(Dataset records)
......

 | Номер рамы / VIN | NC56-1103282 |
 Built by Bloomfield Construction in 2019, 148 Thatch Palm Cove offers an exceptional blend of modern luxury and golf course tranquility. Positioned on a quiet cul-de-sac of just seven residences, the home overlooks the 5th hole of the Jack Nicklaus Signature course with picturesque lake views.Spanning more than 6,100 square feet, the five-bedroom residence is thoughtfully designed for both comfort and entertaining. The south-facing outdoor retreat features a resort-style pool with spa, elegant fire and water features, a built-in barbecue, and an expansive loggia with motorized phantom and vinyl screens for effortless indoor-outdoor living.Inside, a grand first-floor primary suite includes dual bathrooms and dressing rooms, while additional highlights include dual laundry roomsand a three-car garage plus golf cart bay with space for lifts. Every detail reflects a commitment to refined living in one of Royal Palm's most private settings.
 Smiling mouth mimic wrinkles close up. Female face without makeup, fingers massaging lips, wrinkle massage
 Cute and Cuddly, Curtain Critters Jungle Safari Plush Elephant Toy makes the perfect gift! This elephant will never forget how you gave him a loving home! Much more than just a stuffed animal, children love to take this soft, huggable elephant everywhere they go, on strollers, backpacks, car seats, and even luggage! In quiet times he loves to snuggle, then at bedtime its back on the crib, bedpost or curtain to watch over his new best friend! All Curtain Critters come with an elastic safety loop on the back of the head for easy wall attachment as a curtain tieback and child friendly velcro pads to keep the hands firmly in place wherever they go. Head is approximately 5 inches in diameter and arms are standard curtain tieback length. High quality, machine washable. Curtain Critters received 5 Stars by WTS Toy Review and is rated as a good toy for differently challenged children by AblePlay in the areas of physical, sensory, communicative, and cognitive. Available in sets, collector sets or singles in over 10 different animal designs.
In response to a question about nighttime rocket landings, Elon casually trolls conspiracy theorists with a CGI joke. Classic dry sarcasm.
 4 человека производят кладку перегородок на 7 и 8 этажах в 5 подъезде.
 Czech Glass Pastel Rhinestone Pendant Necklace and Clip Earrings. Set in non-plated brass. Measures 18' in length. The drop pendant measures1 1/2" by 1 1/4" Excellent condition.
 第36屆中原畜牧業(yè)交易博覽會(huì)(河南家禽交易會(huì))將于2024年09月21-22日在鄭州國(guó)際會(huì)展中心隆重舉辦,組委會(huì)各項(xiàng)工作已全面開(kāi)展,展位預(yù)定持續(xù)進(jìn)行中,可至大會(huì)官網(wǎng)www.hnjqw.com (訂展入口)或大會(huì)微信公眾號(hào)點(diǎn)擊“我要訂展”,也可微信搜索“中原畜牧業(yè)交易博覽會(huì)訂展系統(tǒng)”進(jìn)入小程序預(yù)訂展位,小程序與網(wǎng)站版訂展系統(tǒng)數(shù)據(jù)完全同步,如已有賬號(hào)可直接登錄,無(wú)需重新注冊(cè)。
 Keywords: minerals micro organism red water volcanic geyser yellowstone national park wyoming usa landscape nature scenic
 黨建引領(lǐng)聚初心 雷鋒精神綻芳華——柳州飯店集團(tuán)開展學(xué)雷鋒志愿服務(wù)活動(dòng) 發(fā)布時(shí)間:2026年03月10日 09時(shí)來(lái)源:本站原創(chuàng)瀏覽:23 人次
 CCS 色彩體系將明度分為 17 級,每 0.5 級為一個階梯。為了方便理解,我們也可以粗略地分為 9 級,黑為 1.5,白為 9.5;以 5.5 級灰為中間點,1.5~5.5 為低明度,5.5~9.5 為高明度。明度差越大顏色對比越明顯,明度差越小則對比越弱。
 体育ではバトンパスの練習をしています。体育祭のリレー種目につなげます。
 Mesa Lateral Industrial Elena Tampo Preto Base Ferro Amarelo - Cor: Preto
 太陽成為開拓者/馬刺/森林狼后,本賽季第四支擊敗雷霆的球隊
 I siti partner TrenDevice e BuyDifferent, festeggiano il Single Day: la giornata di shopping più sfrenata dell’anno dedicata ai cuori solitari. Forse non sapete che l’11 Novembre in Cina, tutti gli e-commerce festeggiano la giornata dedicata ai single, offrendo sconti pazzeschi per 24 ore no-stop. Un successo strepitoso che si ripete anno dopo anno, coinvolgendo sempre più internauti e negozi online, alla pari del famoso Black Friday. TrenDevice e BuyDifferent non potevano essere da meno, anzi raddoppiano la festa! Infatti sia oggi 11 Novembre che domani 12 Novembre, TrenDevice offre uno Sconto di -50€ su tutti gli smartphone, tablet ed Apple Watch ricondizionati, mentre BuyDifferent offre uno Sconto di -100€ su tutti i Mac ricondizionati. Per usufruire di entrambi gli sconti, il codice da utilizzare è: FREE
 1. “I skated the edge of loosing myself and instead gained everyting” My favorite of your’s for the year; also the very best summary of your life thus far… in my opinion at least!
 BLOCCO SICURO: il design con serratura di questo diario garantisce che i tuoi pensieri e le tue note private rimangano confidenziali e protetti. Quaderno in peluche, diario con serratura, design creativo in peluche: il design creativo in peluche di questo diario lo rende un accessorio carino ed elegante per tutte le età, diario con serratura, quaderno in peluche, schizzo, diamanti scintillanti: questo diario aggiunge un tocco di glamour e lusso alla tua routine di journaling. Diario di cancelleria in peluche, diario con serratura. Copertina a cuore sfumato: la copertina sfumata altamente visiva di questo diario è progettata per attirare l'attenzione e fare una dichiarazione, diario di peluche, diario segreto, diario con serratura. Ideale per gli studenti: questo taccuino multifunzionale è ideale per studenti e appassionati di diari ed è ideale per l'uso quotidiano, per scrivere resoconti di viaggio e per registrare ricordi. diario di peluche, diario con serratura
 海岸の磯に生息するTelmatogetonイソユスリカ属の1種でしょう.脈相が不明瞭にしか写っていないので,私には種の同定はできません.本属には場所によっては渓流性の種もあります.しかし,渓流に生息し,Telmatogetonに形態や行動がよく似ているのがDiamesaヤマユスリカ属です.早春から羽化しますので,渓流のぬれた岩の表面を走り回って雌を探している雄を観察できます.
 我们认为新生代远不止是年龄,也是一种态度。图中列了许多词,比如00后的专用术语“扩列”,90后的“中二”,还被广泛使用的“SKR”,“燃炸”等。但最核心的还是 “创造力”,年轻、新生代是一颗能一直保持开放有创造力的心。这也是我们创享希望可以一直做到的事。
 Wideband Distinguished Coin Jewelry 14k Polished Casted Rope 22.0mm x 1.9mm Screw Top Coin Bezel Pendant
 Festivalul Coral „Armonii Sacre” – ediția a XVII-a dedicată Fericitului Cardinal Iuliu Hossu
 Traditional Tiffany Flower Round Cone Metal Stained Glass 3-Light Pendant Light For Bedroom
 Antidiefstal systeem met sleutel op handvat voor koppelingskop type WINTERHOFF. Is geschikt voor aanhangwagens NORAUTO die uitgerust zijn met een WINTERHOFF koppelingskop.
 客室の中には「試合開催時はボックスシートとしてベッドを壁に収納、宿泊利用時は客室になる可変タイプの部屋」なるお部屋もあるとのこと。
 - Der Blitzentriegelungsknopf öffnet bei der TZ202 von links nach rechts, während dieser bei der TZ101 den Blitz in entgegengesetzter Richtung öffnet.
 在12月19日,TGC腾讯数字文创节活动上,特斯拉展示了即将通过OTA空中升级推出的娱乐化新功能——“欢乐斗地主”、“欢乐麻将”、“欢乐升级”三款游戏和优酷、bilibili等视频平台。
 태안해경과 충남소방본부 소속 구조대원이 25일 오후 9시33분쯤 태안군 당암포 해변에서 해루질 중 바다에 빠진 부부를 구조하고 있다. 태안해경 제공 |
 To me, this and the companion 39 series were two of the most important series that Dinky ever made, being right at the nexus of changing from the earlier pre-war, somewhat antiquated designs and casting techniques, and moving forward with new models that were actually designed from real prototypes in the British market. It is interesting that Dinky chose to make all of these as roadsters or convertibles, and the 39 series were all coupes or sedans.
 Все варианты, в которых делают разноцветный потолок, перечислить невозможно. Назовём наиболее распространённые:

......

From the entries above, give again exactly the lines running from the line with "Smiling mouth mimic" to the line with "4 человека производят"; include both of those lines.

 Smiling mouth mimic wrinkles close up. Female face without makeup, fingers massaging lips, wrinkle massage
 Cute and Cuddly, Curtain Critters Jungle Safari Plush Elephant Toy makes the perfect gift! This elephant will never forget how you gave him a loving home! Much more than just a stuffed animal, children love to take this soft, huggable elephant everywhere they go, on strollers, backpacks, car seats, and even luggage! In quiet times he loves to snuggle, then at bedtime its back on the crib, bedpost or curtain to watch over his new best friend! All Curtain Critters come with an elastic safety loop on the back of the head for easy wall attachment as a curtain tieback and child friendly velcro pads to keep the hands firmly in place wherever they go. Head is approximately 5 inches in diameter and arms are standard curtain tieback length. High quality, machine washable. Curtain Critters received 5 Stars by WTS Toy Review and is rated as a good toy for differently challenged children by AblePlay in the areas of physical, sensory, communicative, and cognitive. Available in sets, collector sets or singles in over 10 different animal designs.
In response to a question about nighttime rocket landings, Elon casually trolls conspiracy theorists with a CGI joke. Classic dry sarcasm.
 4 человека производят кладку перегородок на 7 и 8 этажах в 5 подъезде.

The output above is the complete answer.